Full sns.heatmap() Parameter Reference¶
sns.heatmap(
data, # 2D array or DataFrame
annot=True, # display values in cells
fmt=".2f", # number format: ".2f" decimal, ".0f" integer, "d" integer (no decimal)
cmap="coolwarm", # colormap name
center=0, # value to center colormap at
vmin=-1, vmax=1, # explicit colormap limits (prevents auto-scaling)
linewidths=0.5, # line thickness between cells
linecolor="white", # line color between cells
mask=mask, # boolean mask — True cells are not plotted
square=True, # force square cells
cbar=True, # show/hide the color bar
cbar_kws={"shrink": 0.8}, # colorbar size
xticklabels=True, # show x-axis labels
yticklabels=True, # show y-axis labels
ax=ax # target axes (always specify this)
)
Always Set vmin and vmax for Correlation Heatmaps
Without vmin=-1, vmax=1, seaborn scales the colormap to the actual range of your data. If your highest correlation is 0.6 and lowest is −0.3, the color at 0.6 will look like "maximum positive" even though it is not. Setting vmin=-1, vmax=1 keeps the color scale anchored to the true meaning of the data.
Annotation Formatting¶
Large numbers in heatmap cells are hard to read. Use fmt and optionally scale values before plotting.
# Scale revenue to millions before plotting
pivot_scaled = pivot_month / 1000 # now in thousands
fig, ax = plt.subplots(figsize=(14, 5))
sns.heatmap(
pivot_scaled,
annot=True,
fmt=".1f", # one decimal place
cmap="YlGnBu",
linewidths=0.4,
linecolor="white",
ax=ax
)
ax.set_title("Revenue by Category and Month (₹ thousands)", fontsize=13, pad=12)
plt.tight_layout()
plt.savefig("pivot_scaled.png", dpi=150, bbox_inches="tight") # or plt.show()
fmt values:
| fmt | Output |
|---|---|
".2f" |
0.73 |
".0f" |
73 |
"d" |
73 (integer only — will fail on float data) |
".1e" |
7.3e+01 (scientific notation) |
".1%" |
73.2% |
Practice Exercises¶
Warm-up: Using perf_df, compute the correlation matrix. Plot it as a full (unmasked) heatmap with cmap="RdBu", center=0, annot=True, and fmt=".2f".
Main: Plot the same correlation matrix with the upper triangle masked. Add square=True. Set vmin=-1, vmax=1. Give it a meaningful title. Save at 150 DPI.
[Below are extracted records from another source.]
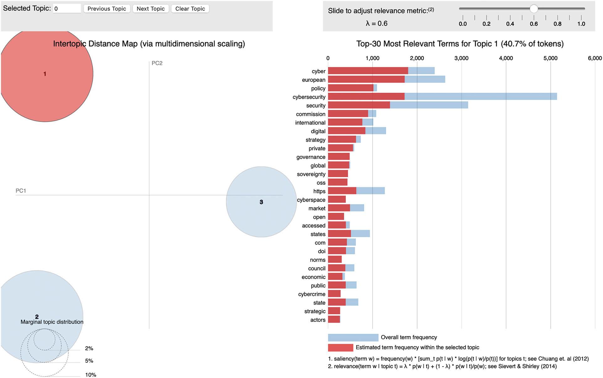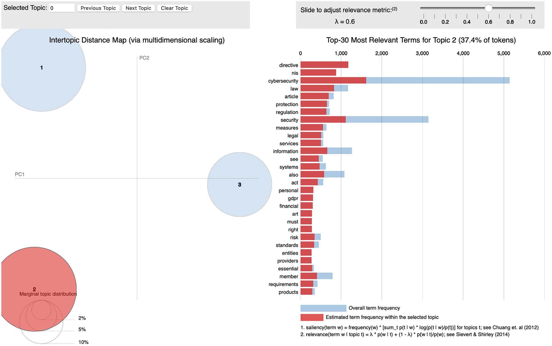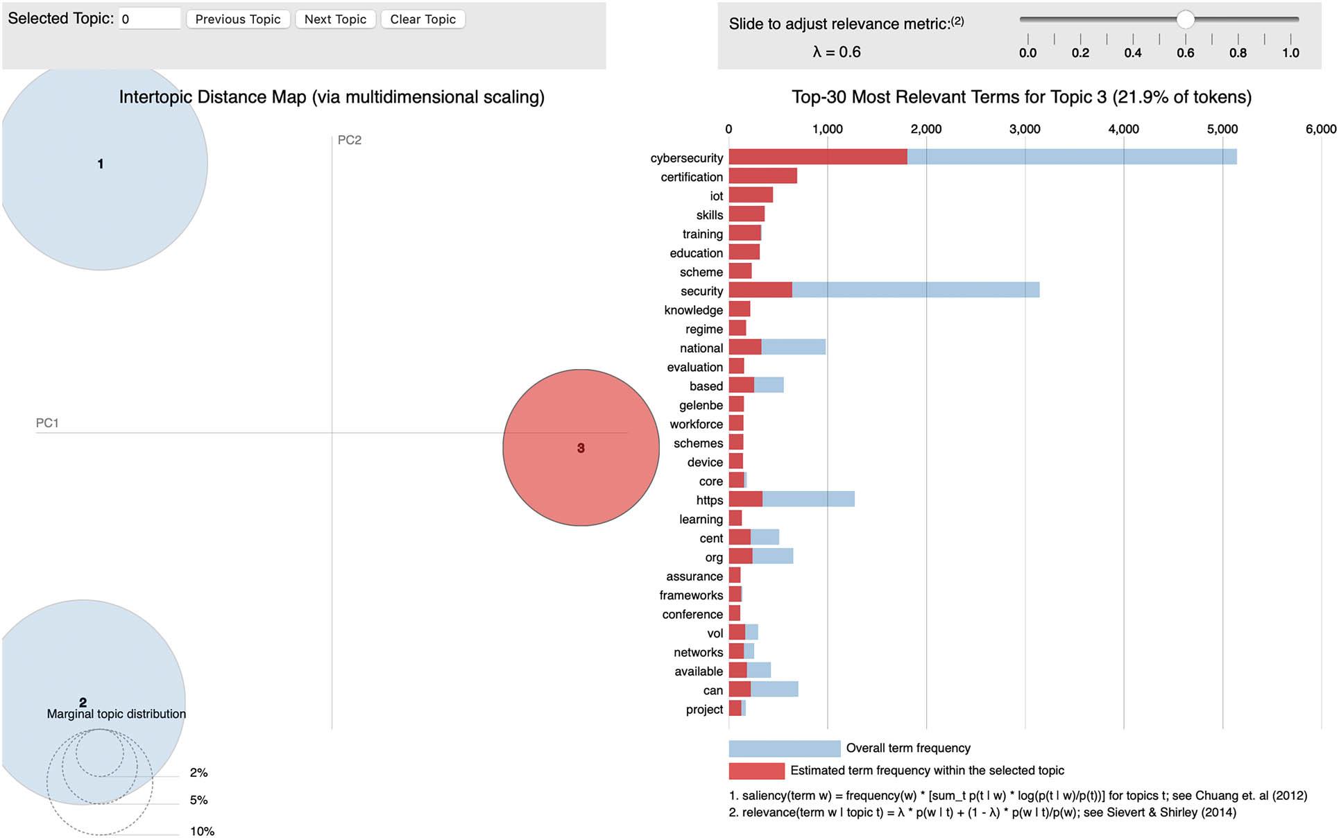 The LDAvis visualization supported the thematic distinctiveness of these topics by showing relatively well-separated topic clusters in two-dimensional space. Adjusting the lambda parameter was particularly useful in distinguishing general-purpose terms (e.g., “cybersecurity”) from terms uniquely tied to specific themes.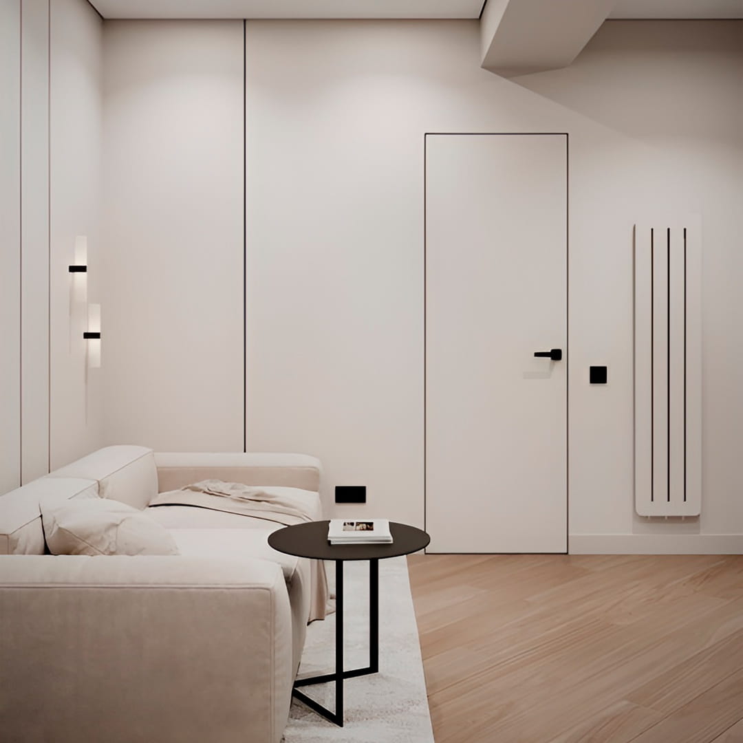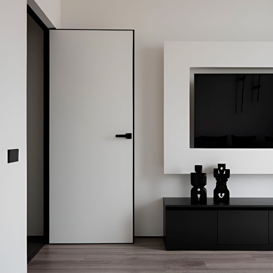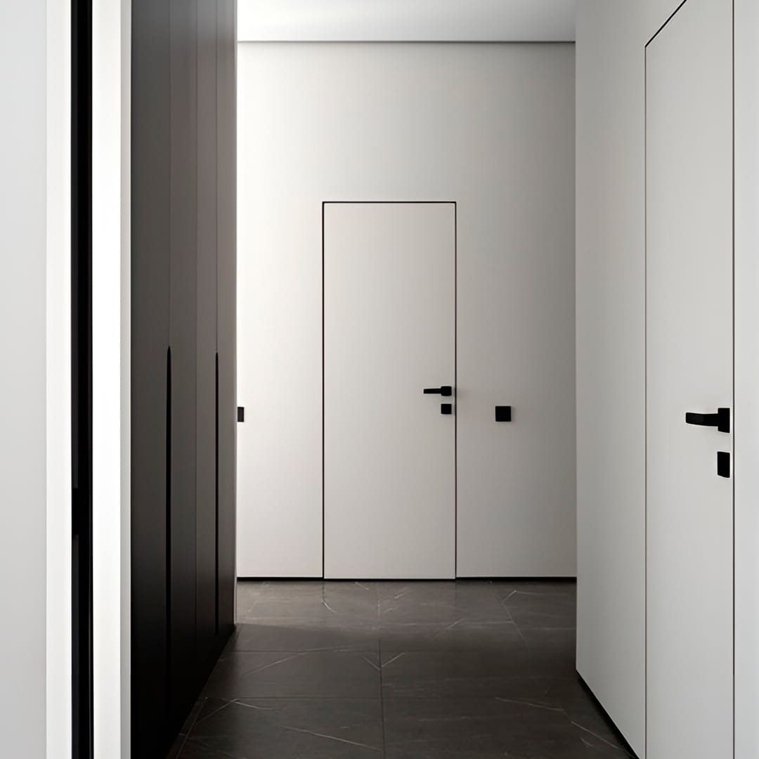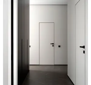 Tipul de ușă ascunsă va fi indispensabil într-un interior cu tapet foarte activ, când este necesar să se păstreze modelul pe întreaga suprafață a peretelui. Ușile invizibile pot fi cu deschidere directă (spre dvs.) și inversă (departe de dvs.). În funcție de tipul de deschidere a ușii, se schimbă designul și grosimea foii.
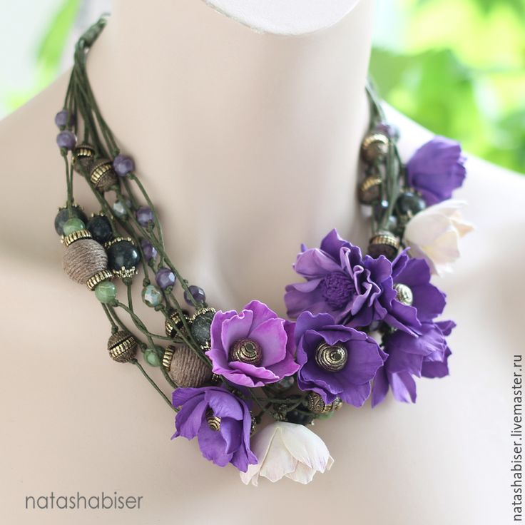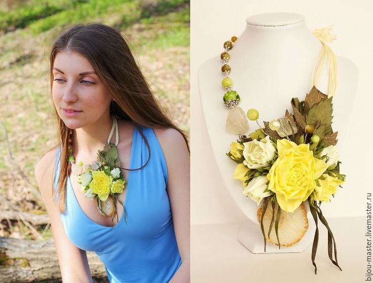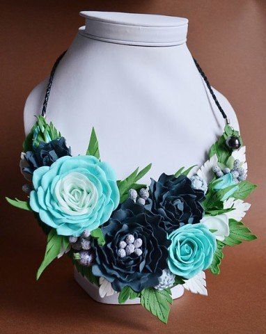 . Цветочное колье изготовлено из фоамирана или пластичной замши. Он декорирован атласной лентой и пластиковыми бусинами. Лента позволяет регулировать длину авторского украшения. Это дизайнерское цветочное колье будет великолепным дополнением к однотонной рубашке на пуговицах.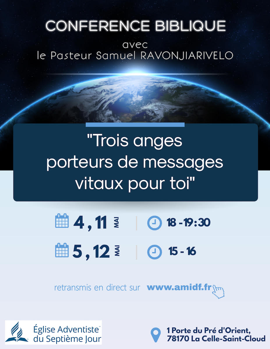 L’église Adventiste du septième jour de La Celle-Saint-Cloud vous invite à participer à une série de conférences bibliques intitulées Espérance 2019 : Trois anges porteurs de messages vitaux pour toi !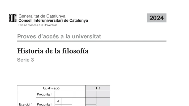 Examen de Historia de la Filosofía selectividad Cataluña — Extraordinaria 2024

Stretch: Using sales_df, create a pivot table of mean revenue by region (rows) and category (columns). Plot it as a heatmap using cmap="Blues". Annotate with formatted integers. Underneath the heatmap code, print the top 3 category-region combinations by revenue.
Interview Questions¶
Q: Why do you mask the upper triangle of a correlation heatmap?
Show answer
A correlation matrix is symmetric — the value at row i, column j is identical to the value at row j, column i. Displaying both triangles doubles the visual content without adding information. Masking the upper (or lower) triangle reduces clutter, removes duplication, and makes the matrix faster to read. Use np.triu(np.ones_like(corr, dtype=bool)) to create the mask.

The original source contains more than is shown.